Table 1 : Summary of the minority lifetime measurements for the structures of Figures 10A, 10B and 10C.

Figure 12 shows photoluminescence (PL) images and optical microscope images of the area after laser ablation processes used in the method of Figure 2. As shown in Figure 12, the images are classified in different rows used to investigate the effects of laser ablation for forming the openings 302, 304 and 306 in the method 200. In order to successfully fabricate the solar cell 100 using the method 200, damage-free (or minimal damage) laser patterning steps have to be established. For each laser ablation step (e.g. the steps 210, 214, 222, 224 of the method 200), an optimal laser fluence has to be identified in order to ablate the targeted thin-film layer with minimum damage. The PL images are used as an indicator for any effects on the minority carrier lifetime of relevant regions both after ablation and after re-passivation. The optical microscope images are used to investigate whether the SiN_x layer is fully removed by the laser ablation. As shown by the PL images in Figure 12, the minority carrier lifetime of the laser ablated regions is preserved after ablation or can be recovered after re passivation.

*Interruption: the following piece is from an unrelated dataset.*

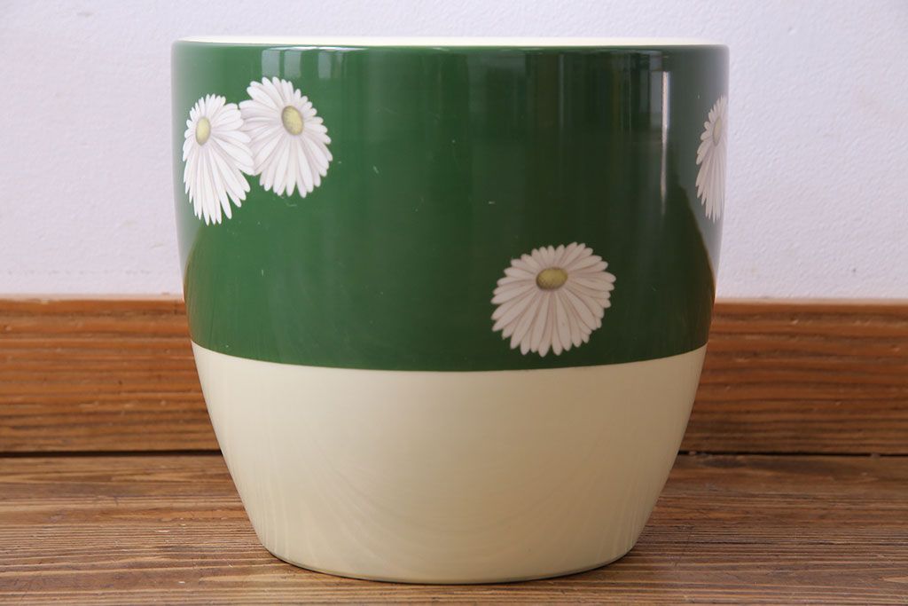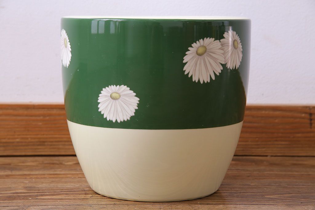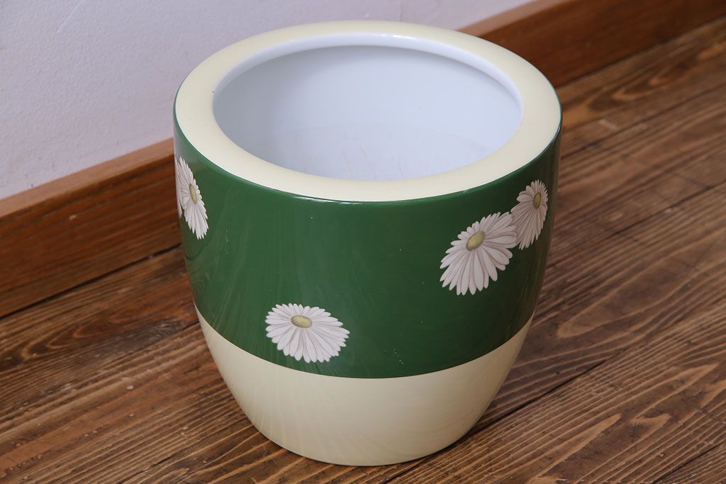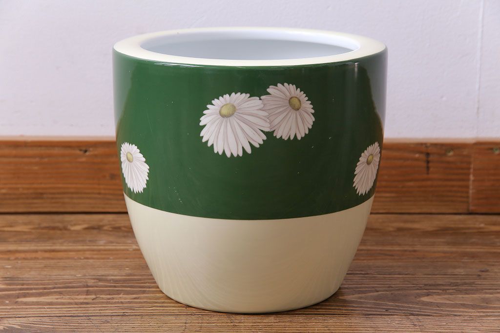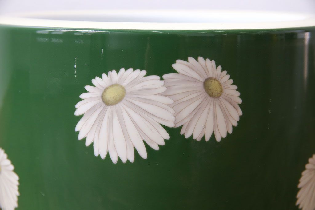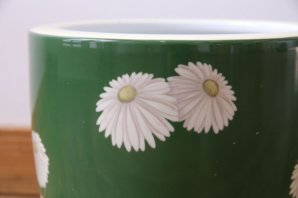 雑貨 > アンティーク雑貨 オールドノリタケ・則武(日陶) 緑地 白菊文様 バイカラーがおしゃれな壱型火鉢(手あぶり、鉢カバー、傘立て)

Laser opening 302 (i.e. the step 210 of Figure 2; with reference to Figures 3D and 3E)

As shown in the first row of Figure 12, by using a femtosecond laser at an ultraviolet wavelength, it is possible to damage-free locally form openings in a SiO_x/poly-Si contact passivation stack (e.g. the rear surface dielectric tunnel layer 106 / the first doped semiconductor layer 108 stack). Additional wet-chemical post-treatment to the laser ablated region may be required to remove some remaining surface induced damage due to the laser ablation process. With optimized laser fluence and post ablation treatment to remove laser induced damage, the minority carrier lifetime of the local ablated region can be recovered after subsequent SiN_x layer deposition (as indicated in Figure. 12 - at a fluence of 0.10 J/cm² after re-passivation).

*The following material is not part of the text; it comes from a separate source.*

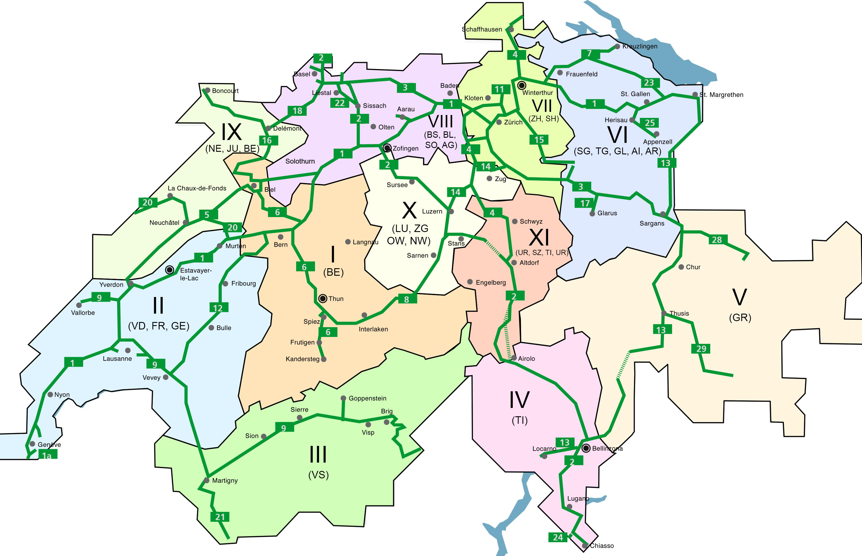 Die meisten Gebietseinheiten sind Teil von kantonalen Baudirektionen und sorgen für hohe Betriebsbereitschaft und sichere Befahrbarkeit rund um die Uhr.

Laser opening 304 (i.e. the step 214 of Figure 2; with reference to Figures 3F to 3H)

As shown in the second row of Figure 12, by using a femtosecond laser at an ultraviolet wavelength, it is possible to damage-free locally form openings in a SiN_x layer (e.g. the intermediate dielectric layer 110). Additional wet-chemical post-treatment to the laser ablated region may be required to remove some remaining surface induced damage due to the laser ablation process. With optimized laser fluence and post ablation treatment to remove laser induced damage, the minority carrier lifetime of the locally ablated region can be recovered after subsequent deposition of a second contact passivation stack (i.e. SiO_x/n⁺ poly-Si passivation stack - e.g. the dielectric tunnel layer 112 / the second doped semiconductor layer 114 stack). The optimized laser fluence as shown is 0.10 J/cm² after re- passivation. Laser opening 306 (i.e. the step 214 of Figure 2; with reference to Figures 3F to 3H)

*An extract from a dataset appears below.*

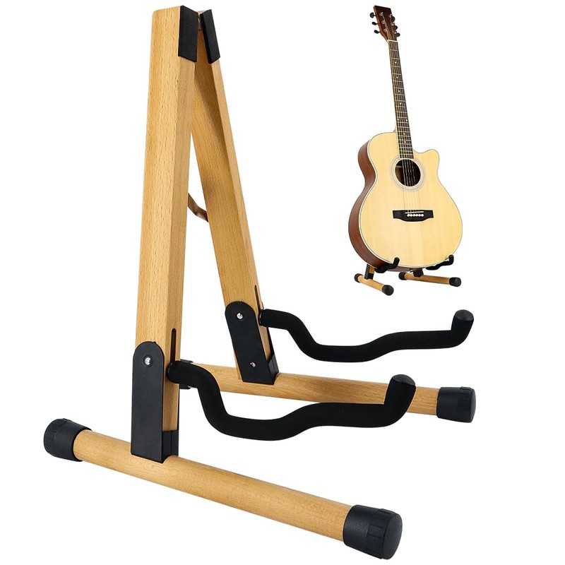 - High Grade Solid Wood:Made of solid beech wood.Eco-friendly natural wood,original wood texture smooth surface by fine processing ,makes guitar stand more solid.The carved wood grain makes it elegant and beautiful. This compact guitar holder stand brings an excellent hand feel rather than other metal stands.

As shown in the third row of Figure 12, a laser ablation process window which is capable of locally ablating the overlaying SiN_x layer to form openings in the SiNx layer (e.g. the intermediate dielectric layer 110 at positions above the first doped semiconductor layer 108) without damaging the underneath poly-Si layer has been identified and optimised. By using a femtosecond laser at an ultraviolet wavelength, the onset fluence of the optimized process window is 0.048 J/cm². Within the optimized process window, the minority carrier lifetime of the laser ablated region is preserved as indicated by the PL images. As shown by the optical microscopy images in Figure 12, the SiN_x layer has also been fully ablated within the optimized process window for a laser fluence of 0.048 J/cm² to 0.075 J/cm².

Laser opening 310 (i.e. the step 222 of Figure 2; Figure 3J)

The results for forming openings 310 of the contact dielectric layer 1 16 by laser ablation is not shown in Figure 12. However, the laser ablation process to form the openings 310 is very similar to that use to form the openings 306 as outlined above. Therefore, the optimized process window for a laser fluence of 0.048 J/cm² to 0.075 J/cm² is expected to work. However, the optimum laser fluence conditions may still differ slightly, as SiN_x is now ablated on top of poly-Si as compared to being ablated on top of a silicon wafer. A corresponding laser fluence optimization is still to be undertaken. It is noted that femtosecond laser ablation is only applicable to damage free ablate the SiN_x contact dielectric layer 116 on top of the second doped semiconductor layer 1 14 (i.e. n⁺ poly-Si layer) in the step 222 of Figure 2. Forming the isolation trenches 312 in the second doped semiconductor layer 114 (i.e. n⁺ poly-Si layer) with the help of laser ablation was not possible. In order to form the isolation trenches 312 in the second doped semiconductor layer 1 14 (i.e. n⁺ poly-Si layer), selective KOH etching can be applied.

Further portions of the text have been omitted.